Geneviève Pettersen écrit dans son billet «Je ne vais nulle part.» C’est notre société de performance qui nous fait croire qu’on ne va nulle part. Mais où est-il écrit qu’il faut aller quelque part? C’est là que les questions existentielles pointent le bout de leur nez et qu’elles reçoivent subitement un violent coup de poing pour qu’elles repartent là d’où elles viennent. On ne veut pas vraiment se fendre le cerveau en quatre pour chercher à comprendre le sens de notre vie. Nous préférons vivre notre course folle, ça nous occupe l’esprit!
Quoiqu’il en soit, nous avançons, c’est déjà ça. On a peut-être souvent l’impression de faire du surplace, mais en réalité nos grands pas qui vont dans tous les sens, nous font avancer à petits pas dans les sentiers de notre existence.

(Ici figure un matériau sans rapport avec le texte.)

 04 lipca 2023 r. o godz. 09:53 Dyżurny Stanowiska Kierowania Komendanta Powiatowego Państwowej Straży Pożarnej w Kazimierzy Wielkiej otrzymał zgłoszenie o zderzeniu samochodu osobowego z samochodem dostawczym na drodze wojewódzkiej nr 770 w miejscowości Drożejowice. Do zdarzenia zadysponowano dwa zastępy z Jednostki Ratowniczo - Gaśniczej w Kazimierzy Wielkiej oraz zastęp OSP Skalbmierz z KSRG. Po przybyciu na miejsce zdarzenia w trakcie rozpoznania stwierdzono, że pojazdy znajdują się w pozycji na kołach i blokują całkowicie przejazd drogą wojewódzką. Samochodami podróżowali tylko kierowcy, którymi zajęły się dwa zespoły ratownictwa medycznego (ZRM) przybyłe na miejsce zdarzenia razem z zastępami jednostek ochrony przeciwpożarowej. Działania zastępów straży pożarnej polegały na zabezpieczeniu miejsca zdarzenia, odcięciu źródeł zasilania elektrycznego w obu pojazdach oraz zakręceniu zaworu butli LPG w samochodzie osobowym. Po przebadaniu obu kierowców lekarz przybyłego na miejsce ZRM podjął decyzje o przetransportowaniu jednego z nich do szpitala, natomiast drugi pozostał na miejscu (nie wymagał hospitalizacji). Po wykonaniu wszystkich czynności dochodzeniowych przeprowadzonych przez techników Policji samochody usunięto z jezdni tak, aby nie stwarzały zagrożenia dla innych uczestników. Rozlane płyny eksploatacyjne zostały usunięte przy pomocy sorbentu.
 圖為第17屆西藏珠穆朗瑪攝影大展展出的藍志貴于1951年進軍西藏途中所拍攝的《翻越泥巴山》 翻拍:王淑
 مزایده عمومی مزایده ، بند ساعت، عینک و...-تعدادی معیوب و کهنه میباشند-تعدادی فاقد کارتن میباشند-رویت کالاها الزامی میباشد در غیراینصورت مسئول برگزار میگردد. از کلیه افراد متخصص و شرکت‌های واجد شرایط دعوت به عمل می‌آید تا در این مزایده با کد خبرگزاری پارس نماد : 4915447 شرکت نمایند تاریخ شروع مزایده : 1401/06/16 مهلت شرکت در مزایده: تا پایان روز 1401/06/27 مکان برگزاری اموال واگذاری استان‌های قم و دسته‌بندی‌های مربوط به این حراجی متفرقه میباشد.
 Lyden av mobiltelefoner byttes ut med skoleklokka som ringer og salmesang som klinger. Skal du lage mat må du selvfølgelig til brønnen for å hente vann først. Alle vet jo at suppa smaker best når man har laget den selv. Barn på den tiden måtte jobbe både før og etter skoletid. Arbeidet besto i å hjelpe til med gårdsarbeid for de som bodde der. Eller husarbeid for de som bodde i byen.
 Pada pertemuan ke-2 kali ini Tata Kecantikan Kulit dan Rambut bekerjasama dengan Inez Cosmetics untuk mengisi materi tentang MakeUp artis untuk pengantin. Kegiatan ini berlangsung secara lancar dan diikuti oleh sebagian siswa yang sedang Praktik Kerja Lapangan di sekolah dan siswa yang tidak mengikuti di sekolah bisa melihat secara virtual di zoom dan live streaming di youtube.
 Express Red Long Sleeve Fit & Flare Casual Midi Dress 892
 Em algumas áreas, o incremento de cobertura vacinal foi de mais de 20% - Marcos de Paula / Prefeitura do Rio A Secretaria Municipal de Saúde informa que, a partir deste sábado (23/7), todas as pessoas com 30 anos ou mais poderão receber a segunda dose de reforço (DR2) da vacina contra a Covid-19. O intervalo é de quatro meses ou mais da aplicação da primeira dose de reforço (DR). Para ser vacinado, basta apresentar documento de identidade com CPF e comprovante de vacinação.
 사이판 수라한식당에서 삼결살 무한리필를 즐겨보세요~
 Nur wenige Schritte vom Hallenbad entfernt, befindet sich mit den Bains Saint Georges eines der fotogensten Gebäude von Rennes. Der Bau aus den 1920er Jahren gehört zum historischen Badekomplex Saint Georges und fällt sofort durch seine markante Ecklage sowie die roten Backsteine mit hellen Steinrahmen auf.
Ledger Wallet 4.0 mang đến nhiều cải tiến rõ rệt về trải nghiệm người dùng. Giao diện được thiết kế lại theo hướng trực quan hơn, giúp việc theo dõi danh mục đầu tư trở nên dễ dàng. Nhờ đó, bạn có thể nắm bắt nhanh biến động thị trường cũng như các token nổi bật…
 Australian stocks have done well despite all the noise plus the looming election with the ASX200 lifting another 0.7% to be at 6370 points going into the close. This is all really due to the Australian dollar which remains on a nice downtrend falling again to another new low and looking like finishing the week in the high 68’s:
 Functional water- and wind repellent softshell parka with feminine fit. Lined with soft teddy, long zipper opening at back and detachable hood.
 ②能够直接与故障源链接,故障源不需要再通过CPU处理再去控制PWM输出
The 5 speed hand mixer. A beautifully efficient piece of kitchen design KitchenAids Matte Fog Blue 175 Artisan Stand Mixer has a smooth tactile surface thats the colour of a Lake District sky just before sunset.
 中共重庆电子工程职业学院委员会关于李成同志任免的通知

Personnellement, j’ai longtemps dit que je n’avais pas le temps. Cependant, maintenant j’ai compris que le temps n’a pas à être sur le banc des accusés, c’est davantage une question d’énergie. À la fin d’une journée je suis souvent épuisée, je m’accorde le droit de m’adonner à des activités qui exigent un minimum d’effort comme de pitonner sur la télécommande de la TV.
Il est certain que nos horaires sont morcelés en une multitude de petites périodes ce qui rend difficile parfois d’accomplir des tâches qui nécessitent davantage de temps. Nous souhaitons concrétiser tout plein de projets, petits et grands, et au lieu de croire qu’il s’agit simplement d’une gestion de priorités on accuse à tord le caractère insuffisant du temps.
Sur ce, puisque j’ai à la maison trois petits ventres affamés, ma prochaine priorité c’est de préparer le souper!